Monday, Nov. 10, 1997
BILL GATES' GIFT TO THE WEB
By JOSHUA QUITTNER
Some people think of Bill Gates as a godless, misanthropic, penny-pinching monopolizer. But not me. And I'm not talking about that airplane he bought himself last week, either. You might be surprised to learn that the Bill Gates I know is bailing out the Web, and possibly enriching countless struggling electronic publishers.
My first exposure to Gates, the Net philanthropist, came a few weeks ago, when the techies at Pathfinder noticed that the computers that serve up the Web versions of TIME, FORTUNE, PEOPLE, MONEY, etc. were behaving, well, drunkenly (my word). The sites were running even slower than is normal on the World Wide Wait. Indeed, some users were complaining that it took longer to download a page of TIME Daily than it did to have a pair of pants dry-cleaned.
At first, we suspected hackers. But closer examination revealed an unlikely culprit: Microsoft's Internet Explorer. More precisely, the latest, just released 4.0 version of that fabled and controversial browser.
A browser, as anyone who's visited the Net knows, is the software you use to navigate the Web. You fire it up, click your mouse and "go" to a site. Simple. But the newest version of Microsoft's browser--the one that for other reasons got Gates in such hot water with Janet Reno--reverses the relationship: the Web comes to you. After you subscribe to various Web publications by clicking on a box in the new browser, a software robot employed by Microsoft scurries around gathering the latest version of those Web pages and then, periodically, "pushes" the information down the Net to your computer. The idea behind so-called push media is that you don't have to remember to go to, say, Slate every day; the new parts will be sent to your computer automatically. It's like having the newspaper delivered to your driveway, except you don't have to crawl under the car to find it.

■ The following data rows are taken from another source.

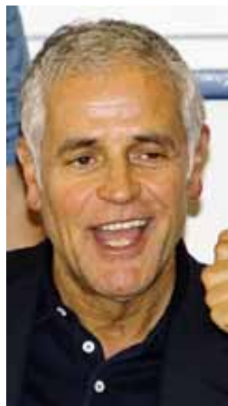
Il presidente Formigoni

«Gli Stati generali dei Parchi - spiega Formigoni - hanno l'obiettivo di coinvolgere il territorio per decidere insieme, all'insegna della sussidiarietà e del partenariato, quali saranno le scelte future per aumentare la tutela delle aree protette». La «Lombardia verde» - ha ricordato Formigoni, presentando l'iniziativa - è grande quanto il Molise o la Liguria: sono infatti 500 mila gli ettari lombardi di patrimonio naturalistico, culturale e turistico. Nella nostra regione, inoltre, il 25% del terri-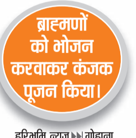
हरिभूमि न्यूज गोहाना

सुरक्षा के मद्देनजर पुलिस कर्मचारी रहे तैनात, लोगों ने की जमकर खरीदारी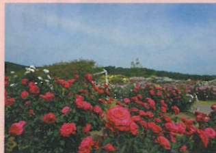
国営越後丘陵公園(バラ)

雪国越後の里山をそのまま利用し、自然生態系を大切に造り上げた植物園です。ヒメサユリおよそ1万本が見頃を迎え、春の山野草展示即売会も実施しています。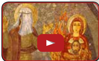
Carmelo Tonino Saia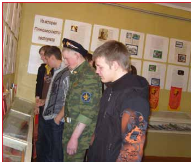
Встреча «Солдатами не рождаются». 11 класс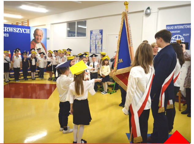
Ślubowanie klas pierwszych w PSP nr 2 w Chorzelach.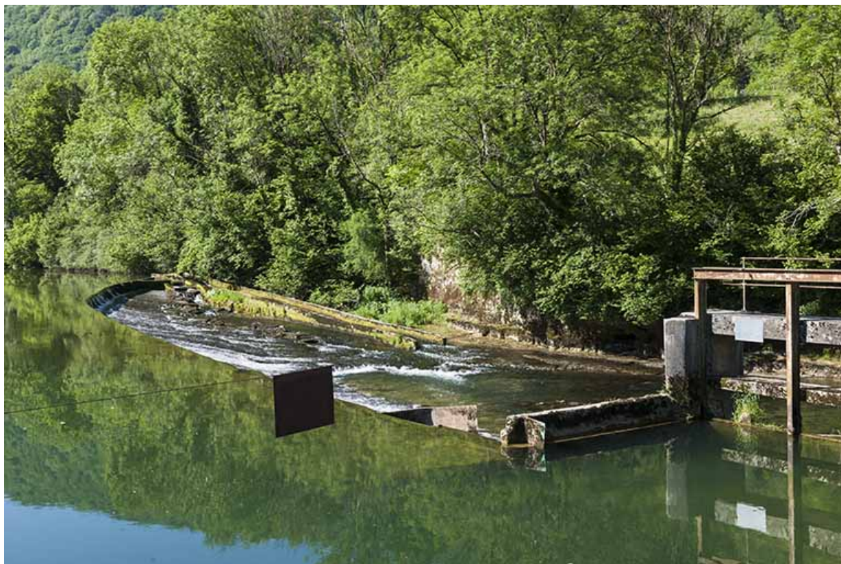
Le barrage depuis la rive droite.

Our site, like many of the other big ones out there, wasn't exactly prepared for the IE 4-spurred traffic boost. Those Microsoft robots were downloading so much stuff for so many users that our computers ended up working overtime. It was like one of those hamburger places on the interstate when a caravan of tour buses pulls up in the middle of the night. Luckily, in the digital age, we never run out of fries.

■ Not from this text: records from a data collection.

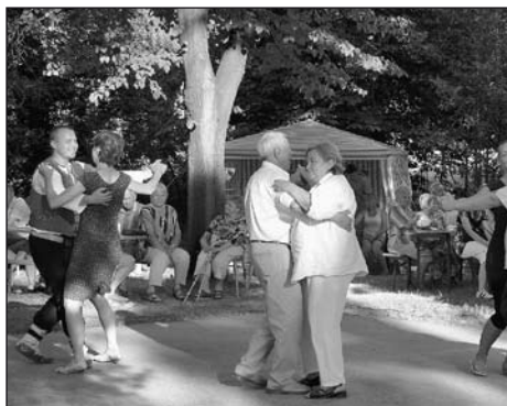
Tanec v rytmu tónů Miločanky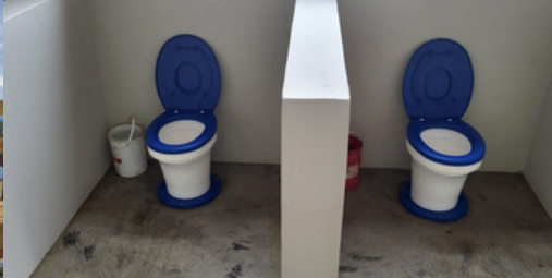
Eindrücke von den modernen Kindergärten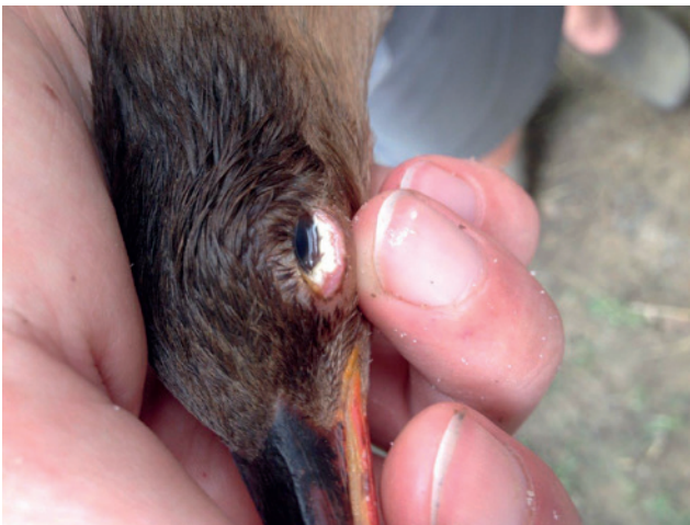
Figuur 1. Kazige, nodulaire letsels ter hoogte van de palpebrale conjunctiva van het linkeroog.

De massa ter hoogte van de conjunctiva werd enkele maanden vóór presentatie reeds opgemerkt door de eigenaar en werd toen succesvol behandeld met een lokale toediening van chlooramfenicol (Chlooramfenicol 1% + vitamine A oogzalf, Virbac, Barneveld, Nederland) en oxytetracycline oogzalf (Terramycine + polymyxine B oogzalf, Pfizer, Brussel, België). Een maand vóór het dier op de Faculteit Diergeneeskunde (UGent) aangeboden werd, was de massa teruggekeerd en vertoonde ze een progressieve groei. Behandeling met enrofloxacin (Baytril 10%, Bayer Animal Health, Diegem, België) per oraal gedurende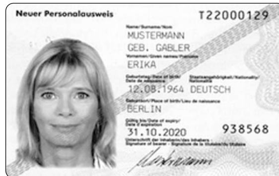
Muster der Vorder- und Rückseite

Er bietet neben der herkömmlichen Nutzung als Sichtausweis zahlreiche neue Funktionen und viele Einsatzmöglichkeiten in der Online-Welt.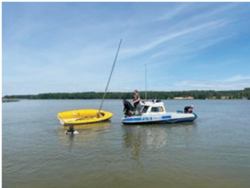
Rys. 1. Pomoc poszkodowanym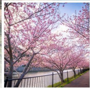
เทศกาลคาวาซุ ซากุระ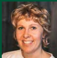
ERATH MAGDALENA, 403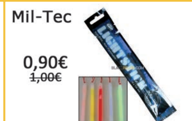
Luz química 1x15cm - Verde. Duración entre 8-12 horas.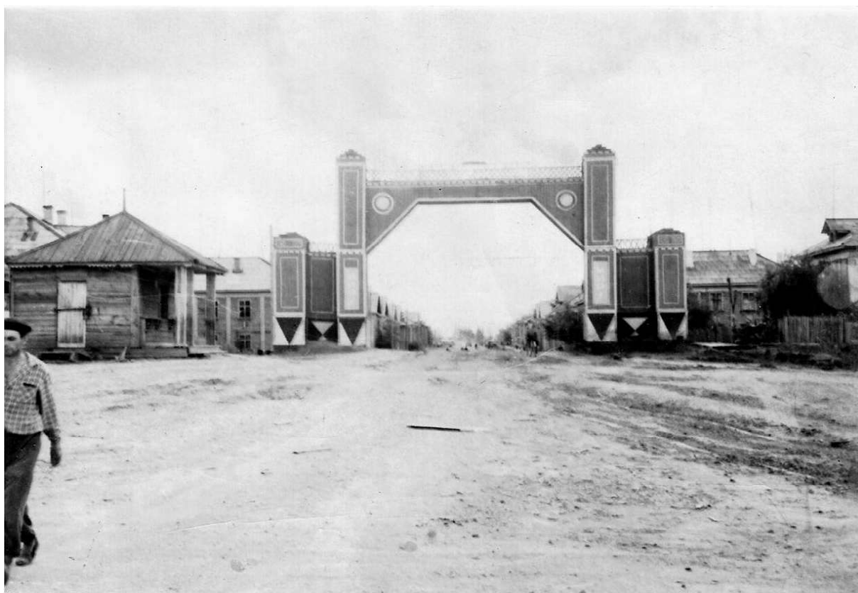
Ил. 5. Деревянная арка в п. Новомаклаково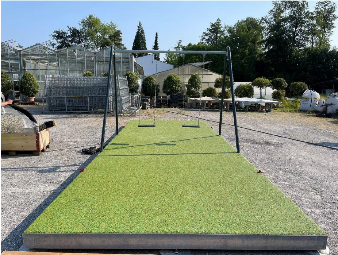
Mobile Schaukel: Doppelschaukel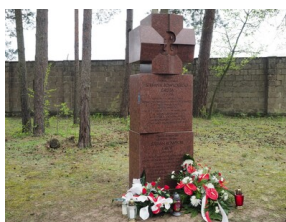
Wyprawa do Niemiec na uroczystości 79. rocznicy oswobodzenia KL Ravensbrück.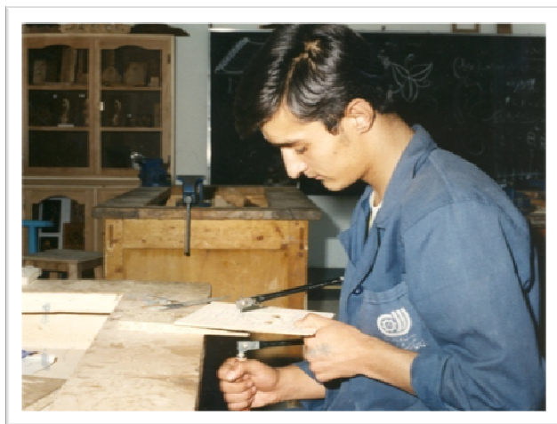
کارآموز در حال کار با کماناره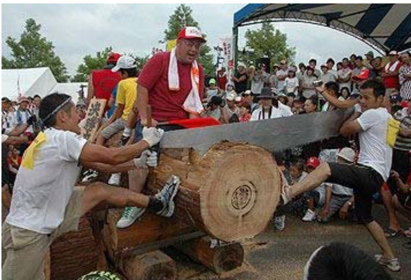
全日本丸太早切選手権大会 一般の部の決勝 ～第20回記念大会を制した新潟市のHART! V2 達成♪～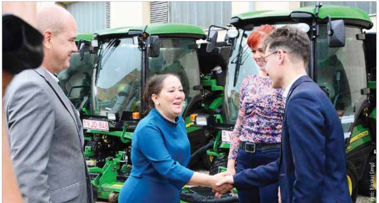
A Városgondnokság, a Roma Nemzetiségi Önkormányzat és a város együttműködése többeket visszasegíthet a munka világába

Az új munkatársak egy új foglalkoztatási program keretében érkeztek a Városgondnoksághoz. Cser-Palkovics András, Székesfehérvár polgármestere lapunknak elmondta: „Egyértelmű, hogy erőteljes a munkaerőhiány a városban, az elmúlt másfél év minden nehézsége ellenére. A város gazdasága növekedési pályán van, és a világ legkorszerűbb technológiája működik a fehérvári vállalatoknál. A Városgondnokságnak is egyszerű saját gépparkja van, amit azonban működtetni kell. Szeretnénk megtalálni és segíteni azokat az embereket, akik nehéz körülmények között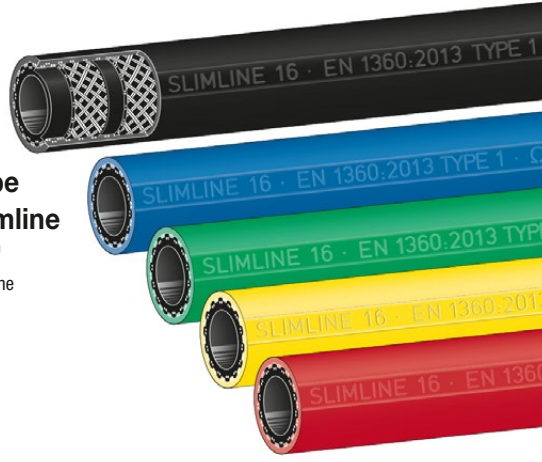
Type Slimline 'SL' Slimline

Innen : NBR schwarz, nahtlos extrudiert, elektrisch ableitfähig, nicht ausfärbend Festigkeitsträger : zwei dehnungsarme Textilgeflechte mit gekreuzten, eingeflochtenen Spezial-Leitfäden Außen : glatt, öl-, UV- und ozonbeständig, hoch abriebfest. Werkstoff siehe Tabelle.

I checked with friends at HotWired, CNET, CNN Interactive and other Websites, and everyone was optimistic. ("Cha-ching!" was how a pal at HotWired put it.) The more traffic to your site, you see, the more you can charge advertisers, theoretically. That may sound venal, but it's been lean out here. A lot of Websites have died for lack of revenue. Thanks to IE 4, traffic is way up, in some cases more than 25%. Within two weeks, visits at TIME Daily doubled, to 500,000 page views a week. We still have to convince advertisers that people--and not just robots--are looking at their ads. But that will be easy. Right, Bill?